▸ **Task objective**
Lines from the first one down to the one containing "ミルキーで濃厚なカキフライとふわふわのアジフライ" in the data below are the only ones needed; please return them exactly, both ends included.
-- Material provided follows --
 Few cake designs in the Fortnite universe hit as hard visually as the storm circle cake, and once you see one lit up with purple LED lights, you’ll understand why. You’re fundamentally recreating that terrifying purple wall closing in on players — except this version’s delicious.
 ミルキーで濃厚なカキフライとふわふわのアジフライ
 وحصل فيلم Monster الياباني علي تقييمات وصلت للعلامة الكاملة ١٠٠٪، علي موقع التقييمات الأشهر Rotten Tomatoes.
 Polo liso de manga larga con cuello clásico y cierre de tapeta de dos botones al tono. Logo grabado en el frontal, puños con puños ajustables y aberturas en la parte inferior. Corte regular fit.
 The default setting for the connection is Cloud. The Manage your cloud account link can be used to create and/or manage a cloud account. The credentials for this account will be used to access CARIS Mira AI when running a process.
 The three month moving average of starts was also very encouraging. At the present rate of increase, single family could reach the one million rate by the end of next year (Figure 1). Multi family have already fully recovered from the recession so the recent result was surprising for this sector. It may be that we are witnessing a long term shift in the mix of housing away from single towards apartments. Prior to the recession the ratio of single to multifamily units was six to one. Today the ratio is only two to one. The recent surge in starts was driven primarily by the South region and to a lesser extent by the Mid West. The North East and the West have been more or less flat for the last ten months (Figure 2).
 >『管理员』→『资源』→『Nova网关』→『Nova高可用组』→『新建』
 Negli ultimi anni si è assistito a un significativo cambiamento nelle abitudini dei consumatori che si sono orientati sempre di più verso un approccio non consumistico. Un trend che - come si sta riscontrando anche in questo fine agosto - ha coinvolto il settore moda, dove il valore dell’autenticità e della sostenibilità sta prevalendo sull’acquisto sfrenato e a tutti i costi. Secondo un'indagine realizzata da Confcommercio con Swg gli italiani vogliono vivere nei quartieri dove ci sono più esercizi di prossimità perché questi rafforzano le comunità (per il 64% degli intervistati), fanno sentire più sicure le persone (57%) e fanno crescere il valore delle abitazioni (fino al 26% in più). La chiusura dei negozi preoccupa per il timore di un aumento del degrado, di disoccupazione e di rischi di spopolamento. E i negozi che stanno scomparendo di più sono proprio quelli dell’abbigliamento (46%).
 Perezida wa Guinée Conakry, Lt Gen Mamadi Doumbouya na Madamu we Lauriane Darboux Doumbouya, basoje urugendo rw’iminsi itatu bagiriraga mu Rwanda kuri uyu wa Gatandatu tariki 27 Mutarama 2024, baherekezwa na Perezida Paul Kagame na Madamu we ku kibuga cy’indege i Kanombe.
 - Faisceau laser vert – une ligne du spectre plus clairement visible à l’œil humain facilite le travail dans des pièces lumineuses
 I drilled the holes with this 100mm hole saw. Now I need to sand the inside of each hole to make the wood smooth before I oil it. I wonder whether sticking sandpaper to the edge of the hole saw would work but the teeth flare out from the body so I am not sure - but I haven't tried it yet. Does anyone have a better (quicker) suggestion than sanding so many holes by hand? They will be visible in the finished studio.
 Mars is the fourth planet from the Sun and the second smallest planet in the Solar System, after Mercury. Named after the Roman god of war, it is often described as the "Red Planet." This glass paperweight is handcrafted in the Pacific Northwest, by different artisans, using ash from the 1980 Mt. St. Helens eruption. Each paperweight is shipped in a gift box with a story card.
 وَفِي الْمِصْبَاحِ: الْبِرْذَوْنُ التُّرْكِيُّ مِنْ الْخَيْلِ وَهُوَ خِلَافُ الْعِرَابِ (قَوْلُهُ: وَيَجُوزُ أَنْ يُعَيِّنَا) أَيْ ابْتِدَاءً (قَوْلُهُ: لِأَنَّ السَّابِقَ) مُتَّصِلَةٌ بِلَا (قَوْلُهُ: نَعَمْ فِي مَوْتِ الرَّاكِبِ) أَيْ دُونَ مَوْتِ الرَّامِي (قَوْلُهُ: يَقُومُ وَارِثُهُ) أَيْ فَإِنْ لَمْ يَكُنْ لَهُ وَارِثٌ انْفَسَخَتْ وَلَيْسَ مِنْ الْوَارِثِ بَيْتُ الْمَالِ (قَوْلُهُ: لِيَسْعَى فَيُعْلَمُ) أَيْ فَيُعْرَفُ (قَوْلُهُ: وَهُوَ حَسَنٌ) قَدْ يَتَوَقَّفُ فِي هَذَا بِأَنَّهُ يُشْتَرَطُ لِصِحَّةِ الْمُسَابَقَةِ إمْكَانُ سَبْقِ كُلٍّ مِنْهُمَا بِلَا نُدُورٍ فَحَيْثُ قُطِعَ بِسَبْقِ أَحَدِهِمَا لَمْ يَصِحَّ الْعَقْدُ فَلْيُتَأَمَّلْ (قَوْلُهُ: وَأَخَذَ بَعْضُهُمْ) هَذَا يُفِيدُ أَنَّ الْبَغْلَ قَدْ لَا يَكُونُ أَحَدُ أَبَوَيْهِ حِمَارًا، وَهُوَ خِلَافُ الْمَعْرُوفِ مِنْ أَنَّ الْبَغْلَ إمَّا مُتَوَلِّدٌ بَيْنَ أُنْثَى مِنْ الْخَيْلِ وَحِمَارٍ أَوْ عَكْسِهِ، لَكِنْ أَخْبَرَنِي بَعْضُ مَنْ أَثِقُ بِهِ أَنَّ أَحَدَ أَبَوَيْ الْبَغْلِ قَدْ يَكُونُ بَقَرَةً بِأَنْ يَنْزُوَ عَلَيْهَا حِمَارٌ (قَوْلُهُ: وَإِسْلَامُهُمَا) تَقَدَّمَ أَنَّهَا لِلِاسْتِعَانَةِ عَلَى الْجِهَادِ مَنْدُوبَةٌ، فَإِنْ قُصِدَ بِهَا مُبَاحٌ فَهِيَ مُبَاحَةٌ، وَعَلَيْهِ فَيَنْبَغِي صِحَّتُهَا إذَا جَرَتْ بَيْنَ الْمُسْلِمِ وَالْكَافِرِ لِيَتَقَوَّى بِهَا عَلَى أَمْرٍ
-- Material provided concluded --
▸ **Finished task**
 Few cake designs in the Fortnite universe hit as hard visually as the storm circle cake, and once you see one lit up with purple LED lights, you’ll understand why. You’re fundamentally recreating that terrifying purple wall closing in on players — except this version’s delicious.
 ミルキーで濃厚なカキフライとふわふわのアジフライ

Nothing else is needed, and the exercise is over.